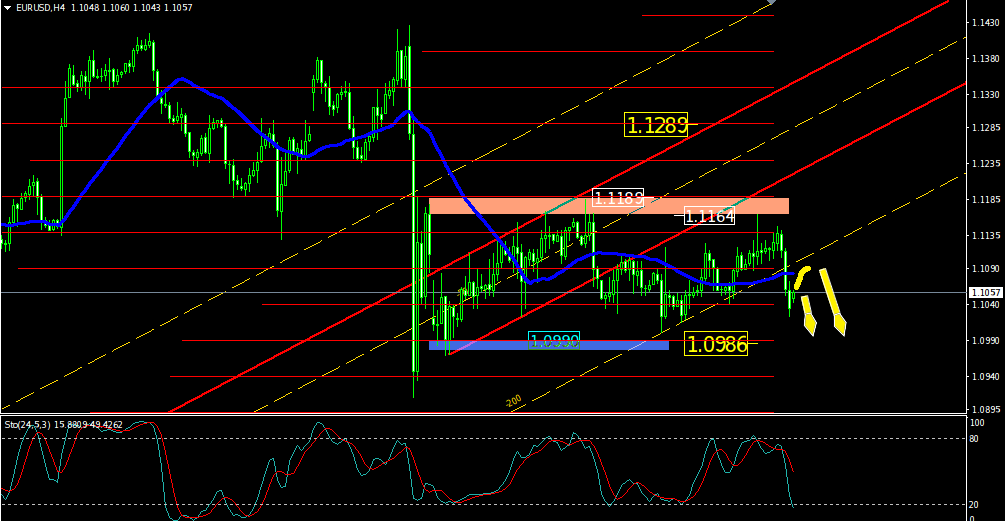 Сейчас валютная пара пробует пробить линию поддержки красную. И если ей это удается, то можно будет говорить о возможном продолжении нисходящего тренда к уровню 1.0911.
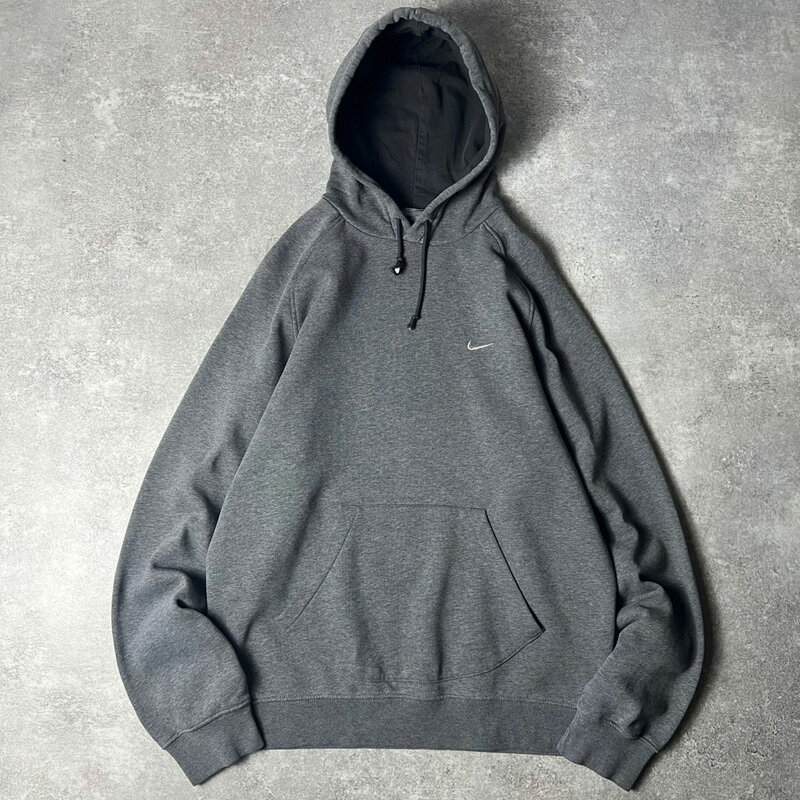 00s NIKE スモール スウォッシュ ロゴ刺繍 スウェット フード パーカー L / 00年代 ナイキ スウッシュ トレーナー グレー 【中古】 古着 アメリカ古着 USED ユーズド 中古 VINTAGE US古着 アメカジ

* * *

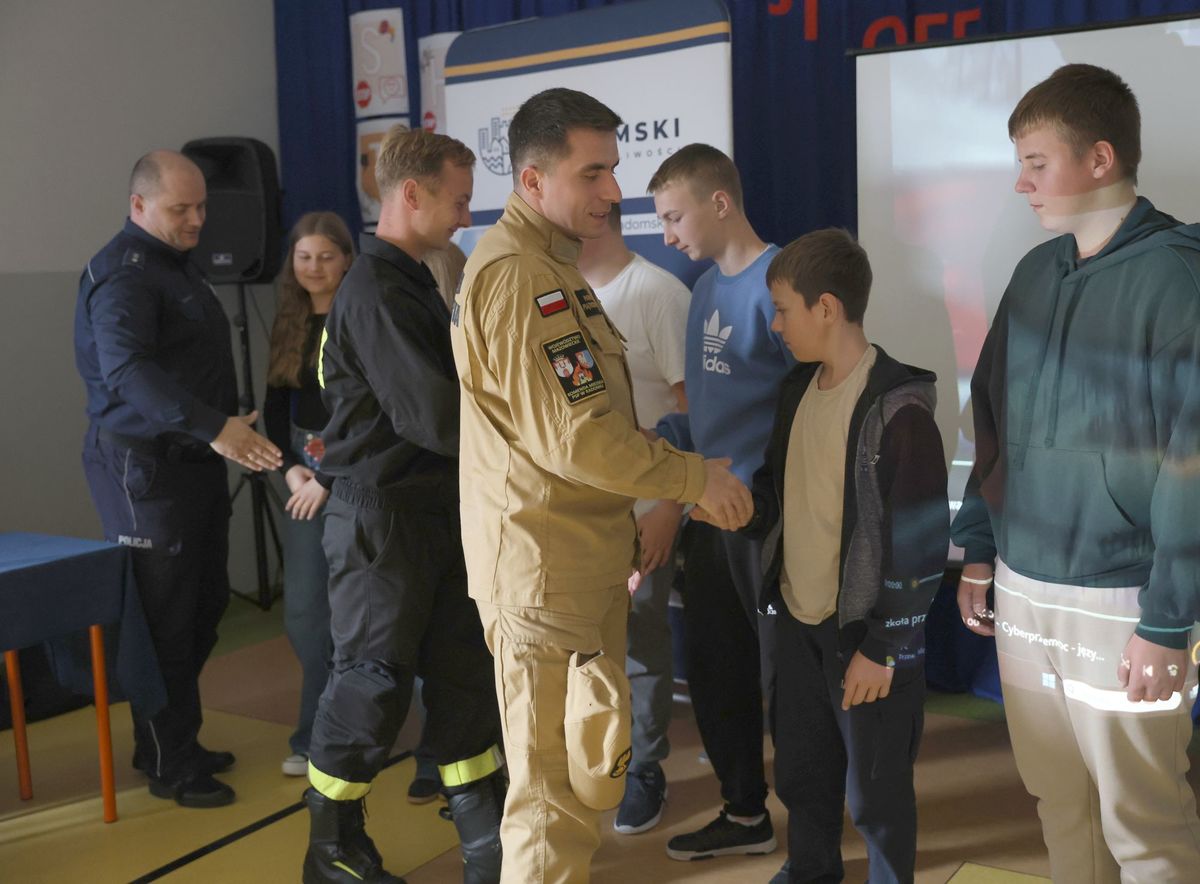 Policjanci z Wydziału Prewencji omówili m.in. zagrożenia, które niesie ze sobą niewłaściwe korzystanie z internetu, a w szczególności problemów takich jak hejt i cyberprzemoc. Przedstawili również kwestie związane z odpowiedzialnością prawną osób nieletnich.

* * *

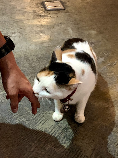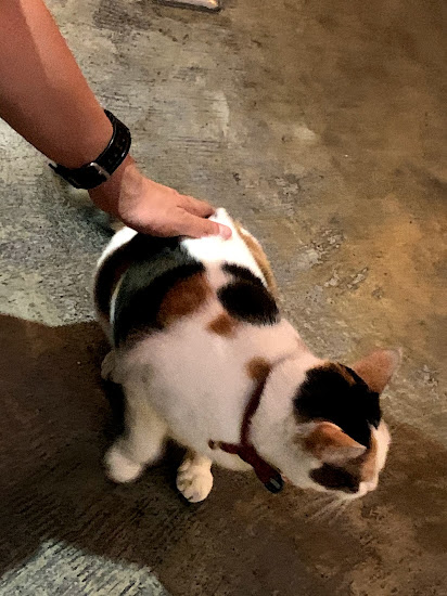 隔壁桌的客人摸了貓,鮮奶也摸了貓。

• **What the task requires**
Using the entries above, repeat exactly the lines from the one with "Сейчас валютная пара" to the one with "00s NIKE スモール", both included, and leave the pictures behind.

• **Response to the task**
 Сейчас валютная пара пробует пробить линию поддержки красную. И если ей это удается, то можно будет говорить о возможном продолжении нисходящего тренда к уровню 1.0911.
 00s NIKE スモール スウォッシュ ロゴ刺繍 スウェット フード パーカー L / 00年代 ナイキ スウッシュ トレーナー グレー 【中古】 古着 アメリカ古着 USED ユーズド 中古 VINTAGE US古着 アメカジ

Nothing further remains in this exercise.